Notice that in the first case, the first block of rows share the same test_name, but are broken up into separate months (for those of you who took the "Data Visualization and Communication with Tableau" course of this specialization, this is similar to what would happen if you put test_name first and created_at second on the rows or columns shelf in Tableau).

In the second case, the first block of rows share the same month, but are broken up into separate tests (this is similar to what would happen if you put created_at first and test_name second on the rows or columns shelf in Tableau). If you were to visualize these outputs, they would look like the charts below.

Different database servers might default to ordering the outputs in a certain way, but you shouldn't rely on that being the case. To ensure the output is ordered in a way you intend, add an ORDER BY clause to your grouped query using the syntax you already know and have practiced:

SELECT test_name, MONTH(created_at) AS Month, COUNT(created_at) AS Num_Completed_Tests
FROM complete_tests
GROUP BY test_name, Month
ORDER BY test_name ASC, Month ASC;

Question 1: Output a table that calculates the number of distinct female and male dogs in each breed group of the Dogs table, sorted by the total number of dogs in descending order (the sex/breed_group pair with the greatest number of dogs should have 8466 unique Dog_Guids):


In [5]:
%%sql
Describe dogs


21 rows affected.
Out[5]:
Field Type Null Key Default Extra
gender varchar(255) YES None
birthday varchar(255) YES None
breed varchar(255) YES None
weight int(11) YES None
dog_fixed tinyint(1) YES None
dna_tested tinyint(1) YES None
created_at datetime NO None
updated_at datetime NO None
dimension varchar(255) YES None
exclude tinyint(1) YES None
breed_type varchar(255) YES None
breed_group varchar(255) YES None
dog_guid varchar(60) YES MUL None
user_guid varchar(60) YES MUL None
total_tests_completed varchar(255) YES None
mean_iti_days varchar(255) YES None
mean_iti_minutes varchar(255) YES None
median_iti_days varchar(255) YES None
median_iti_minutes varchar(255) YES None
time_diff_between_first_and_last_game_days varchar(255) YES None
time_diff_between_first_and_last_game_minutes varchar(255) YES None

In [15]:
%%sql
SELECT breed_group, gender, COUNT(DISTINCT dog_guid) AS 'Amount'
FROM dogs
GROUP BY breed_group, gender
ORDER BY Amount DESC, breed, gender


18 rows affected.
Out[15]:
breed_group gender Amount
None male 8466
None female 8367
Sporting male 2584
Sporting female 2262
Herding male 1736
Herding female 1704
Toy male 1473
Toy female 1145
Non-Sporting male 1098
Working male 1075
Terrier male 919
Non-Sporting female 919
Working female 895
Terrier female 794
Hound male 725
Hound female 614
male 147
female 127

Some database servers, including MySQL, allow you to use numbers in place of field names in the GROUP BY or ORDER BY fields to reduce the overall length of the queries.
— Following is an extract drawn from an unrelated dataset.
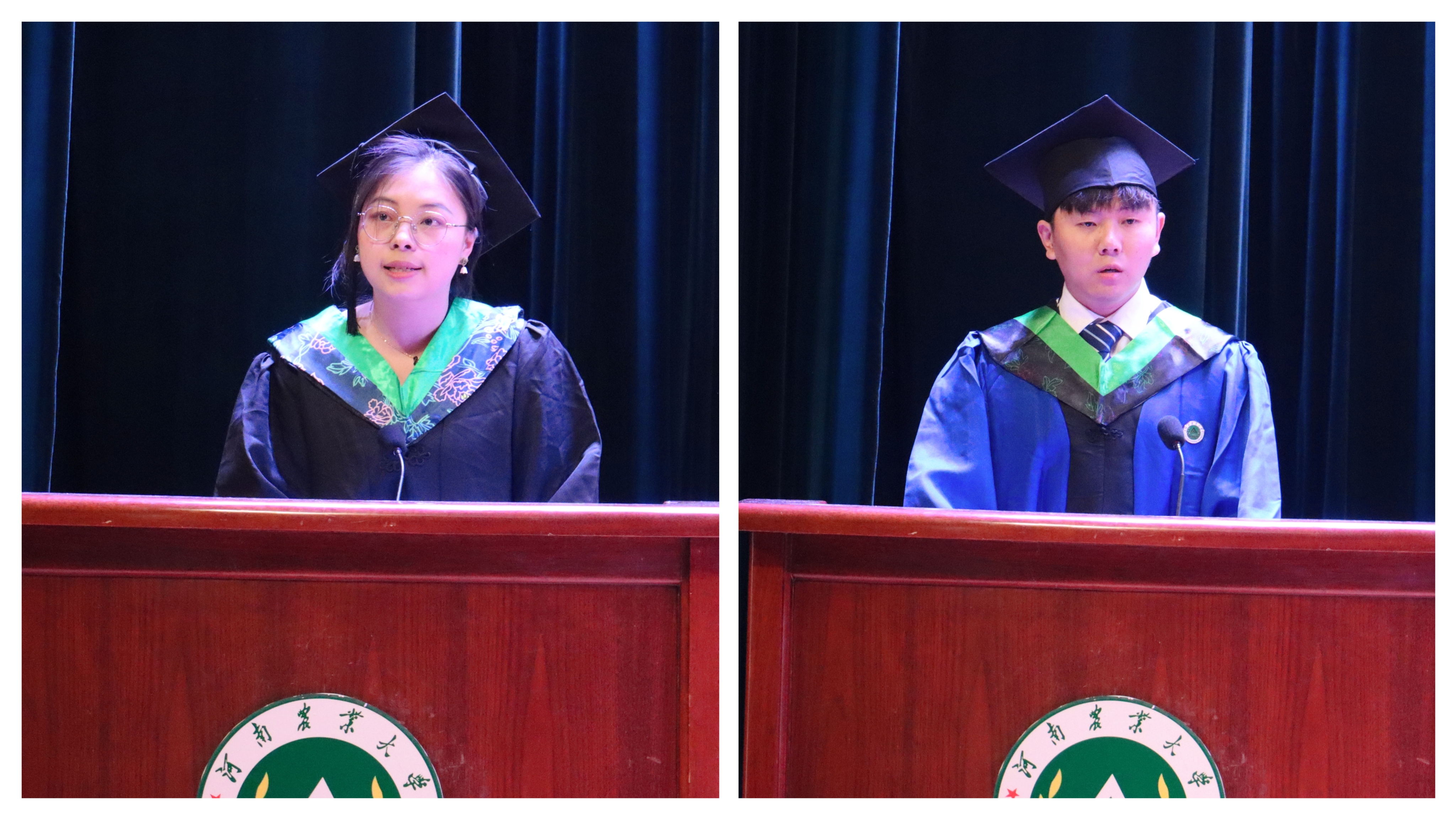 本科生代表黄容、研究生代表谷晓行先后上台发言,分别讲述了自己与农大的故事,回顾了大学生活的点点滴滴,叙述了属于全体2023届毕业生的“独家记忆”。向一直教导、关心大家的老师表达最崇高的谢意,向一起朝夕相处的同学们送上最真诚的祝福, 并表示站在新征程新目标的起跑线上,将努力成为时代洪流中逢山凿路、遇水架桥的“艰苦创业人”,在祖国的万里山河中践行青春梦想,为实现中国梦而努力奋斗。

I tend to avoid this abbreviated method of writing queries because I find it challenging to troubleshoot when you are writing complicated queries with many fields, but it does allow you to write queries faster. To use this method, assign each field in your SELECT statement a number acording to the order the field appears in the SELECT statement. In the following statement:

SELECT test_name, MONTH(created_at) AS Month, COUNT(created_at) AS Num_Completed_Tests

test_name would be #1, Month would be #2, and Num_Completed_Tests would be #3. You could then rewrite the query above to read:

SELECT test_name, MONTH(created_at) AS Month, COUNT(created_at) AS Num_Completed_Tests
FROM complete_tests
GROUP BY 1, 2
ORDER BY 1 ASC, 2 ASC;

Question 2: Revise the query your wrote in Question 1 so that it uses only numbers in the GROUP BY and ORDER BY fields.


In [16]:
%%sql
SELECT breed_group, gender, COUNT(DISTINCT dog_guid) AS 'Amount'
FROM dogs
GROUP BY 1, 2
ORDER BY 3 DESC


18 rows affected.
Out[16]:
breed_group gender Amount
None male 8466
None female 8367
Sporting male 2584
Sporting female 2262
Herding male 1736
Herding female 1704
Toy male 1473
Toy female 1145
Non-Sporting male 1098
Working male 1075
Non-Sporting female 919
Terrier male 919
Working female 895
Terrier female 794
Hound male 725
Hound female 614
male 147
female 127

The HAVING clause

Just like you can query subsets of rows using the WHERE clause, you can query subsets of aggregated groups using the HAVING clause. However, wheras the expression that follows a WHERE clause has to be applicable to each row of data in a column, the expression that follows a HAVING clause has to be applicable or computable using a group of data.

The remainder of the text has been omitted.